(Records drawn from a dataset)

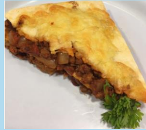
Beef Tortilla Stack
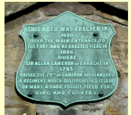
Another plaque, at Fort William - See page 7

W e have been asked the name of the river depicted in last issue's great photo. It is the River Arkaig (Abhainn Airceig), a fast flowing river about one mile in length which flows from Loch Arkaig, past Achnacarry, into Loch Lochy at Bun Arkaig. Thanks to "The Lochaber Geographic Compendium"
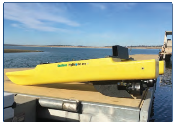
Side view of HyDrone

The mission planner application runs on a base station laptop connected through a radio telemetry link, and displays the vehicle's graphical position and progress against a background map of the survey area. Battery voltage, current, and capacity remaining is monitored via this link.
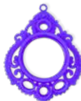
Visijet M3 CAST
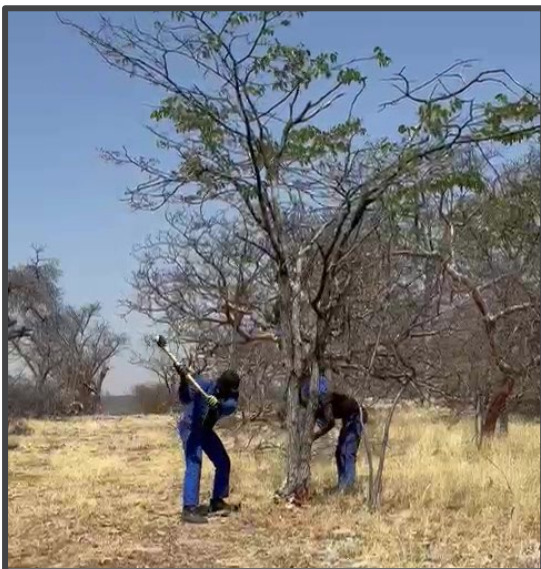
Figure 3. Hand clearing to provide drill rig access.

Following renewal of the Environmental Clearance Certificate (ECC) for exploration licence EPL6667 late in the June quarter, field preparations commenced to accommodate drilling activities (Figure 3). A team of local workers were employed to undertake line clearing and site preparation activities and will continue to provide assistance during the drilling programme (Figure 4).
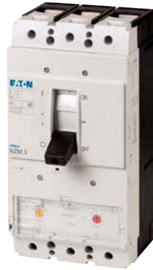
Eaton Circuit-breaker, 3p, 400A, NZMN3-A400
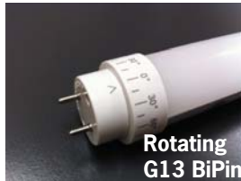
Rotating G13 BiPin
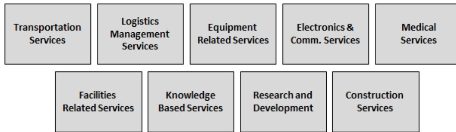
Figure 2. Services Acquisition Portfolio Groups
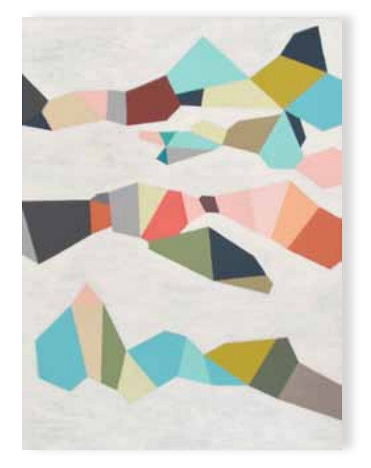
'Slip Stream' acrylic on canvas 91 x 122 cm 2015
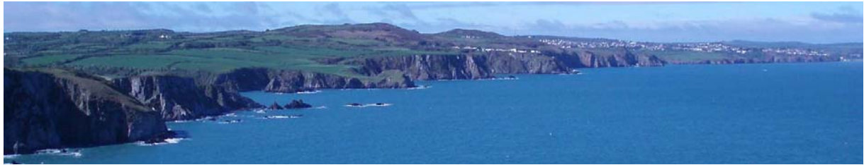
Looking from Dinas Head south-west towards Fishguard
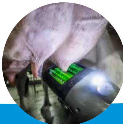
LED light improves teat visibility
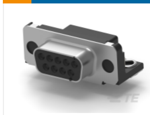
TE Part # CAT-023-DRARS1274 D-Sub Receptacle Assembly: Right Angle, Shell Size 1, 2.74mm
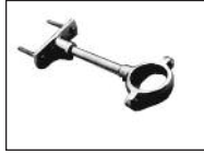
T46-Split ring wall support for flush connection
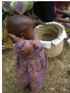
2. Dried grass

* _ACTIVITY_
Do not copy pictures. Restate exactly the lines from the one containing "T46-Split ring wall" through the last line of the records.

* _OUTPUT FOR THIS TASK_
T46-Split ring wall support for flush connection
2. Dried grass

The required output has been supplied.